On Saturday morning, I heard the talk that perhaps affected my outlook more than anything else I heard at the meeting.  It was by Dr. Jerry Nick, on an "N-of-1" study design to look at the effects of Kalydeco in people with residual CFTR function.  The basic idea is that, as I mentioned, CF genetics is actually quite complicated.  We don't really know what the impact of a particular mutation in a particular person will be, and even now when we usually know both of a person's CFTR mutations, it's hard to predict from that knowledge alone how the course of their disease will go.  Part of that difficulty arises because the CF mutations are operating the context of the rest of that person's genetic makeup, and a particular person may have other genes that maybe give them a little bit more CFTR activity than you'd predict from their mutations (if they are lucky), or a little less (if they are less lucky). 

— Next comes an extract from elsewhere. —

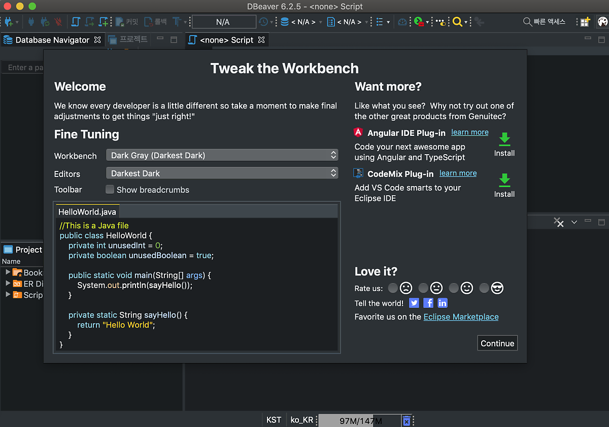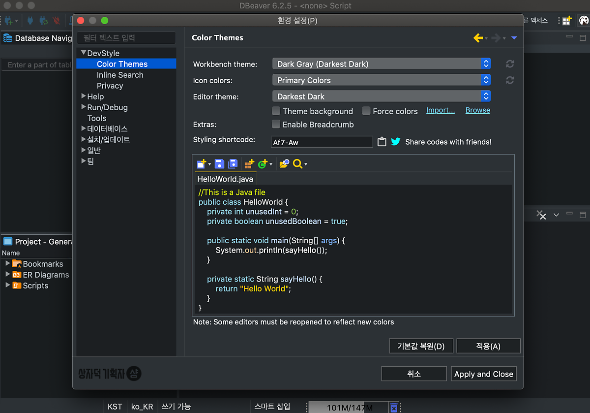 • 재시동 후, DBeaver 실행시 새로운 테마 적용된 화면 및 세팅창이 뜬다.

So, Dr. Nick started from the premise of saying "Let's care less about genotype (the mutations someone has) and instead just look at function (whether the person has clinical evidence of some CFTR function left).  If the person has evidence of a little CFTR function, let's test Kalydeco and see if it works."  And, lo and behold, Kalydeco does seem to work in at least a subset of patients with some CFTR function left, even those whose mutations aren't on the current "approved" list for the drug.  And, importantly, one of those mutations is one of the ones Lemon has, and when he was diagnosed a key test showed that he probably does have some CFTR function left.  In other words, a drug that's already FDA approved for CF could really help him.  Now, how to get access to it for off label use--but that's a whole different post. 

As a parent, I am so thrilled and relieved and grateful to know that even if CF research stops tomorrow (which, judging from the level of commitment and enthusiasm at the conference, it definitely won't!) there is something out there for Lemon, and probably for a lot more CF patients than are currently taking the drug.  I'm even more excited by the momentum that I saw at the conference--many other drug companies have joined Vertex in the quest to find good drugs that treat the underlying cause of CF, and I am so hopeful that in the next 10 years, drugs will get approved that will help Lemon and everyone else with this terrible disease.  It was fantastic to have the opportunity to meet the researchers, physicians, nurses, respiratory therapists, and other CF parents (including friends I'd only met online before) who are in this fight with us, and to see how determined we all are.  The field has come so very far in the last 25 years, and the future is looking bright.  Thanks so much to all of you who have supported our fundraising efforts for the CF Foundation--this is the research you are paying for and it is fantastic!